Vielen Dank schon einmal im voraus
Gruß Ralf


----------



## Joerg (22. Mai 2012)

*AW: Hilfe einer meiner Kois hat weisse Punkte*

Ralf,
:Willkommen2

weiße Punkte können ungefähliche Karpfenpocken oder eine gefährliche Pünktchenrankheit sein.
Der Tierarzt macht einen Abstrich und kann das dann damit feststellen.


----------



## katja (22. Mai 2012)

*AW: Hilfe einer meiner Kois hat weisse Punkte*

von mir auch :willkommen im forum

danach wird in letzter zeit öfter gefragt, könnte es nicht auch ein einfacher laichausschlag sein?


----------



## kater591 (22. Mai 2012)

*AW: Hilfe einer meiner Kois hat weisse Punkte*

Hallöchen, erst einmal danke für eure netten Willkommensgrüße,
nei Laichausschlag ist das nicht dafür ist der noch zu jung mit seinen knapp 3 Jahren denke ich, aber das konntet Ihr ja nicht wissen.

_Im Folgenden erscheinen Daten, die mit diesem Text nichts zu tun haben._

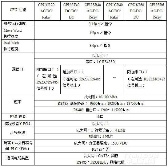 在展會上展出的可編程控制器S7-200SMART是西門子最新推出的 1 款 CPU,其性能如表所示:

Ich werde in den nächsten Tagen mal ein Bildchen von meinen Fischis einstellen. Ja an einen Abstrich hab ich auch schon gedacht, werde nochmal so 2-3 Tage warten wie sich das macht und wenns schlimmer wird muss ich ihn wohl schnappen und zum Onkel Doktor bringen. Er soll ja nicht meine größeren mit irgend nem Mist anstecken.


----------



## Moonlight (22. Mai 2012)

*AW: Hilfe einer meiner Kois hat weisse Punkte*

Hallo und herzlich willkommen   also ein koi mit 3 jahren kann locker geschlechtsreif sein. meine nisai haben letztes jahr ordentlich mitgemischt  laichausschlag beschränkt sich hauptsächlich auf den kopf- und kiemendeckelbereich, manchmal auch über den körper, aber dann relativ gleichmäßig. vereinzelte punkte deuten eigentlich auf was anderes hin. bitte bilder! wenn es ichty sein sollte, dann muß schnell gehandelt werden.


----------



## Joerg (22. Mai 2012)

*AW: Hilfe einer meiner Kois hat weisse Punkte*

Ralf,
Abstrich und Tierarzt sind eine sehr gute Idee.
Wenn sich andere anstecken oder das ganze sich verschlimmert, gilt es bei Weißpünktchenkrankheit (Ichthyophthiriose) keine Zeit zu verlieren.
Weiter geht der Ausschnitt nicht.